What you will do: Print the lines from the one containing "複数のソリッドを選択して一括" through the end of the material below, both included, exactly as they appear and without pictures.

Information provided:

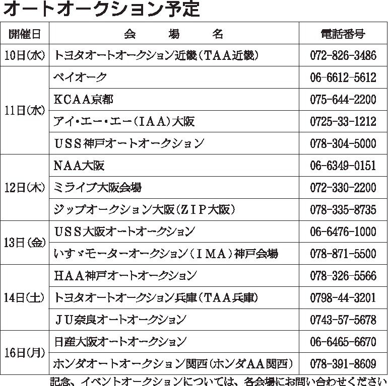 〈オートオークション予定〉近畿地区 2020/11/10~16
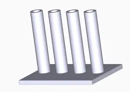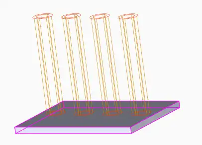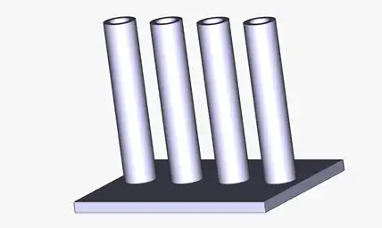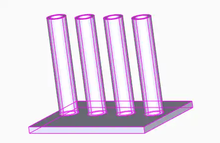 複数のソリッドを選択して一括で交差計算なしでソリッドへ追加(結合)する方法を紹介します。ここでは、4本のパイプソリッドを選択して、下部の長方形ソリッドに交差計算なしで一括で追加します。
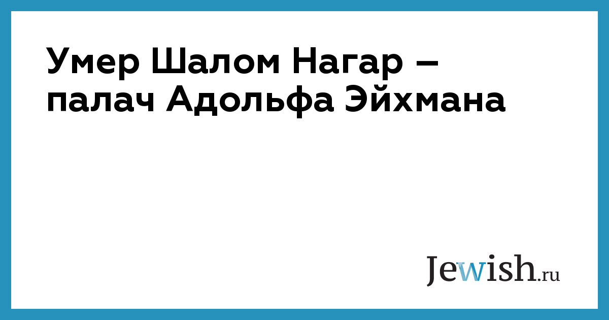В Израиле в возрасте 86 лет умер Шалом Нагар, казнивший в 1962 году нацистского военного преступника Адольфа Эйхмана, одного из «архитекторов Холокоста». Об этом сообщает издание The Jerusalem Post.

Answer section:
 複数のソリッドを選択して一括で交差計算なしでソリッドへ追加(結合)する方法を紹介します。ここでは、4本のパイプソリッドを選択して、下部の長方形ソリッドに交差計算なしで一括で追加します。
В Израиле в возрасте 86 лет умер Шалом Нагар, казнивший в 1962 году нацистского военного преступника Адольфа Эйхмана, одного из «архитекторов Холокоста». Об этом сообщает издание The Jerusalem Post.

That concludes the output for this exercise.